The Diary

Cod Almighty | Diary

Hegativity in the 1920s

16 July 2024

Perhaps it is a case of the enemy of my enemy being my friend. Newbegin Diary suspects that supporters of both clubs would put a higher value on a win over Lincoln than over each other, for there is a certainly amicability in Town's relationship with Boston, who we play tonight.

George Pearce, Grimsby's chair from 1931 until 1955, was from Boston. One of his first acts when he took on the role was to send a strong team, full of its First Division stars, to play a benefit on behalf of the failing Boston Town. When Boston Town folded, Boston United were formed in their place, and one of the players in their first line-up was the old Grimsby outside left Billy Marshall.

It is a tribute to Marshall's longevity that he played in the same forward line as all four of the great centre forwards - Carmichael, Robson, Coleman and Glover - who straddle the decades between the wars.
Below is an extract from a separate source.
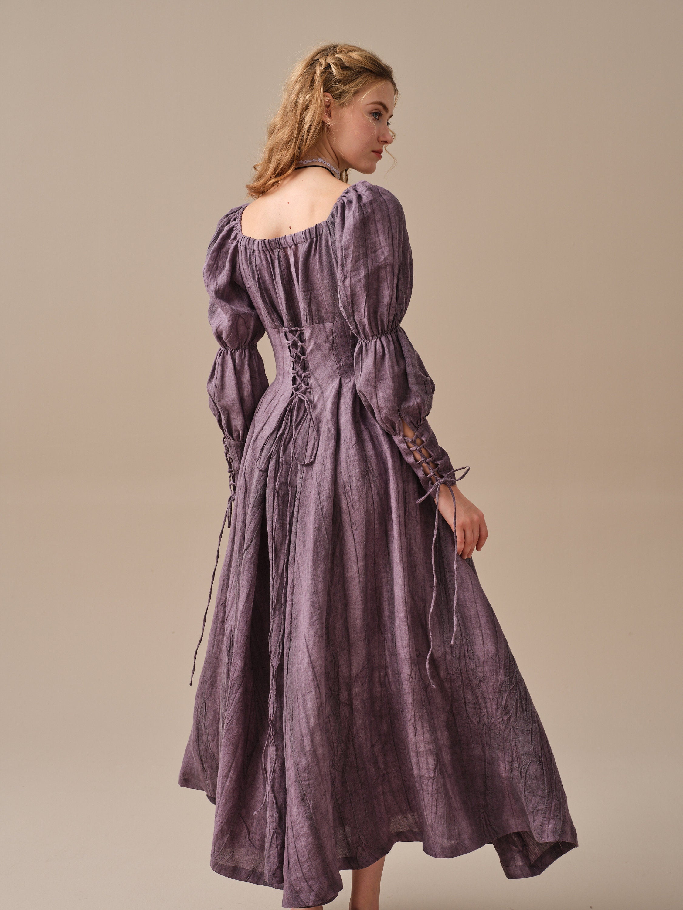 The colors in Teal green, DarkOrchid and Wheat color is made of tie-dyed linen. Other colors are made of yarn-dyed linen.

Between Christmas Day 1924 and 21 January 1928 Billy did not miss a single match, a feat all the more remarkable as his lungs were forever scarred after being gassed on military service during World War One.

After leaving Grimsby, he spent a single season with Reading which he admitted he did not enjoy. He found it impossible to get enough fresh air, so he was glad to return to Lincolnshire and the coast. He was almost 35 by the time he joined Boston but still he played with all the enthusiasm of someone at the start of his career, even though he had fallen in two years from Division One to the Midland League. When he returrned to Blundell Park to play Grimsby reserves, there were spectators ready to acknowledge he was the finest left winger they had ever possessed.

Time had perhaps lent a certain nostalgia to the memory of his crosses, too often express deliveries which cleared everyone's heads and might have given someone concussion if they had not. But he was quick, and when the change in the offside law in 1925 gave wingers new licence to cut inside, he scored and contributed to some wonderful goals.

We don't have a time-machine, but we have our own memories and they feed our imaginations. 90 years before Nick Hegarty, Billy Marshall, with his ginger hair and his zeal, had Hegativity in abundance. His skull was wrapped in bandages after an earlier collision when in 1929 he scored the goal which sealed a win at Hull, searing in from wide on the halfway line, beating defenders and keeping his feet even as they resorted to foul play. It must have been one of the sights of a golden age of Grimsby football.